• [About this exercise]: For this exercise, the lines from the one with "Materiali Base isolante" through the final line of the data below are to be transcribed exactly, and pictures are to be skipped.

**** Recorded information

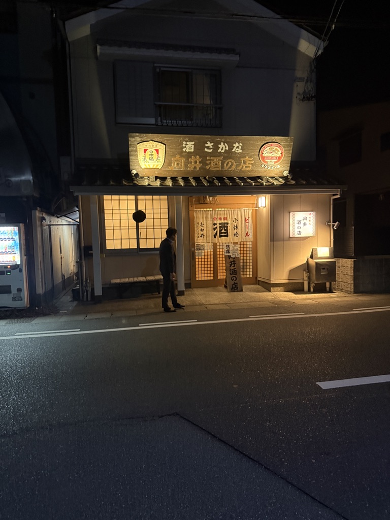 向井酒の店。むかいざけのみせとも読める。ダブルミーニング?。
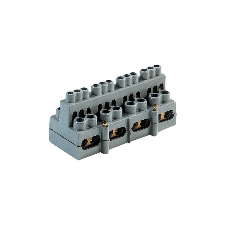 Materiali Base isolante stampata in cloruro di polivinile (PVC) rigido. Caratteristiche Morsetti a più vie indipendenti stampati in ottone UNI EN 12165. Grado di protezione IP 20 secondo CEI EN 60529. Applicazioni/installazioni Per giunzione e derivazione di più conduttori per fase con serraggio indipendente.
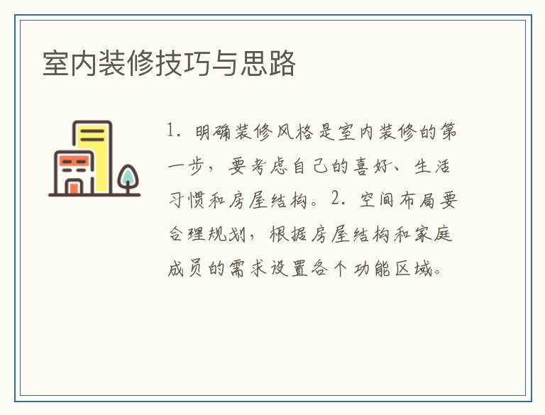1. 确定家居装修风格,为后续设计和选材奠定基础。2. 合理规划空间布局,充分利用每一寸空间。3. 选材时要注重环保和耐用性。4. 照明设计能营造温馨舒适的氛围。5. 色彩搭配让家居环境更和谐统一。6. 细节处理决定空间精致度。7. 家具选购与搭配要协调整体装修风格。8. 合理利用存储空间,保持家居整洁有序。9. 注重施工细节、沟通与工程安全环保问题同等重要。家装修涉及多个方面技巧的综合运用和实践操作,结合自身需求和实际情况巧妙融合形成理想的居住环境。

********

• [Result of the task]:
 Materiali Base isolante stampata in cloruro di polivinile (PVC) rigido. Caratteristiche Morsetti a più vie indipendenti stampati in ottone UNI EN 12165. Grado di protezione IP 20 secondo CEI EN 60529. Applicazioni/installazioni Per giunzione e derivazione di più conduttori per fase con serraggio indipendente.
1. 确定家居装修风格,为后续设计和选材奠定基础。2. 合理规划空间布局,充分利用每一寸空间。3. 选材时要注重环保和耐用性。4. 照明设计能营造温馨舒适的氛围。5. 色彩搭配让家居环境更和谐统一。6. 细节处理决定空间精致度。7. 家具选购与搭配要协调整体装修风格。8. 合理利用存储空间,保持家居整洁有序。9. 注重施工细节、沟通与工程安全环保问题同等重要。家装修涉及多个方面技巧的综合运用和实践操作,结合自身需求和实际情况巧妙融合形成理想的居住环境。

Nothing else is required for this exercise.